The accused is also a Dalit, however he is rich and powerful man in the District. He has been missing since the incident. On returning to the village with their daughter locals tried to convince the family to drop the case and accept a large settlement (50 lakh rupees – £33k), however Anita’s father was adamant that they would not accept the money. Local politicians and villagers then began to put pressure on the family to resolve the issue through a local panchayat (assembly), arguing that it should be resolved within the village and that it would not help the family if news of the case spread further afield.

After reaching the village Sabitri spoke to the family and was approached by the police, officials and villagers who, on assuming that she was a representative of an NGO in Kathmandu, proceeded to offer her 5 lakh (£3k) if she could convince the family to accept the ‘compensation’ and drop the case. Sabitri felt that under these circumstances it would be impossible for the family to get legal justice from the village. The family were also feeling very threatened and vulnerable as the village is very isolated, being 5 kilometres walk from the nearest town. Therefore she decided that it would be best for Anita and her family if they were to leave the village in secret. They did so yesterday morning and arrived at our centre in the evening.
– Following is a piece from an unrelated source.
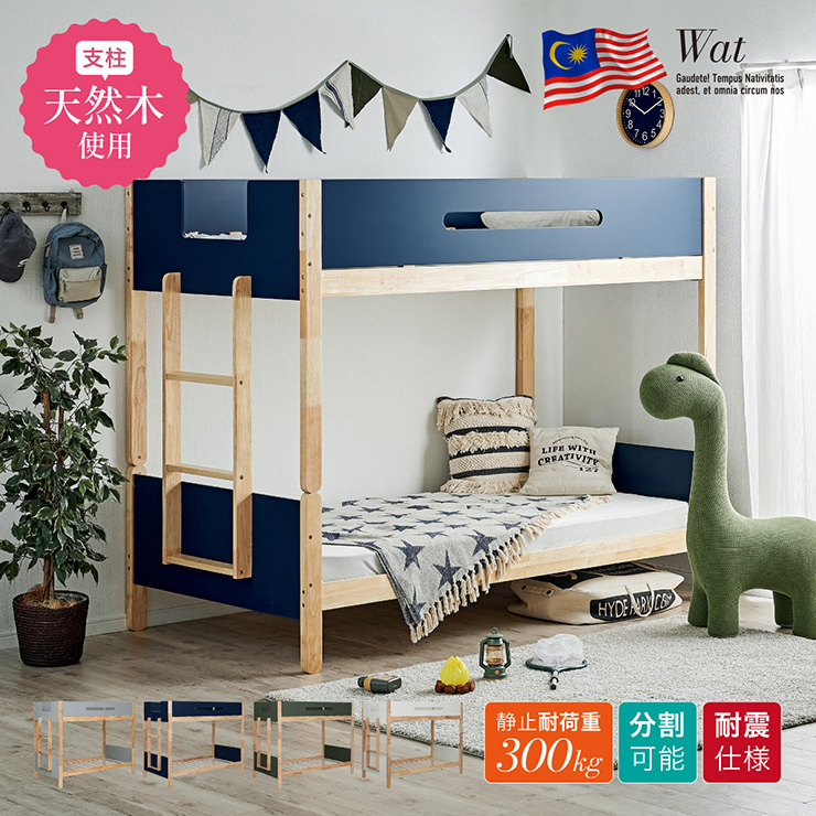 ■二段ベッド 木製 天然木 耐震仕様 Wat(ワット) 4色対応 分割可能 シングルベッド 2台 おしゃれ 収納付き スノコベッド コンパクト 北欧風

Today ChoraChori will be approaching police headquarters in Kathmandu to explain the situation and file a formal complaint. In our experience the police in Kathmandu are much better at prosecuting cases properly. The assailant – and his accomplice – cannot be allowed to escape justice through bribery, informal “settlement” and cover up. Meantime we will provide Anita with all the professional support she needs at our residential centre, through our staff psychosocial counsellor, Sailu Rajbhandari.